All of this could be automated except for a few critical pieces: running the blatServers, QA, and release.  :)

However, a script could certainly print out instructions (including template email to cluster-admin, template push request) and make sub-scripts for the automatable parts: creating the necessary tables/files and updating targetDb and blatServers in the central database.

For QA as well, some automation is possible. For example, a script could pick a sequence from the target .2bit, extract some primers and their coords, and show what the hgPcr result should be -- same thing would work for genomic PCR (with $db.2bit).


Synchronization/Release

Synchronizing across the central db, blat servers, /gbdb and genome db tables will be a challenge, especially when rolling out changes from hgwdev/hgcentraltest to hgwbeta and the RR.

One safeguard in place is a timestamp check: targetDb.time must be newer than any of the genome db tables or /gbdb file, or that target will be ignored.

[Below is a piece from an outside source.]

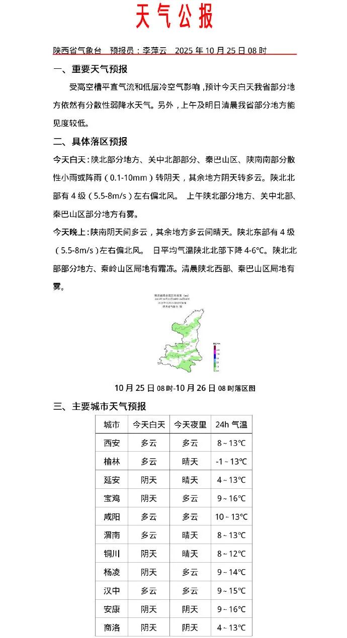 西安市氣象台2025年10月25日09時發佈天氣預報:預計今天下午起西安市轉為多雲天氣,*持續陰雨天氣結束;*夜間至明日清晨山區及河谷地帶有霧,能見度較低。氣温方面,今天起最高氣温逐步回升,後期最高氣温可升至18~21℃。

That will prevent a table/file update from causing incorrect results from hgPcr, but it doesn't cover the blat server. (Could gfServer status be enhanced to give an uptime / start date? maybe even name and timestamp of input file? :)

Rolling out an update of anything with both db tables and files, from hgwdev/hgcentraltest -> hgwbeta/hgcentralbeta + shared-with-RR /gbdb -> RR/hgcentral, is always more complicated than pushing out a brand new set. Here, even more moving parts are involved. So I think the only way that we can support updates is to use target names that include some kind of date (MmmYY like Apr08 should be enough). That allows us to add all components of a new target, while leaving the old target in place, then switchover in targetDb when everything else is in place.


Prototype on genome-test

hg18 hgPcr now shows the Target menu with two non-genome choices, UCSC Genes and Human mRNAs. Currently the blat servers are running on kolossus instead of proper blat server machines.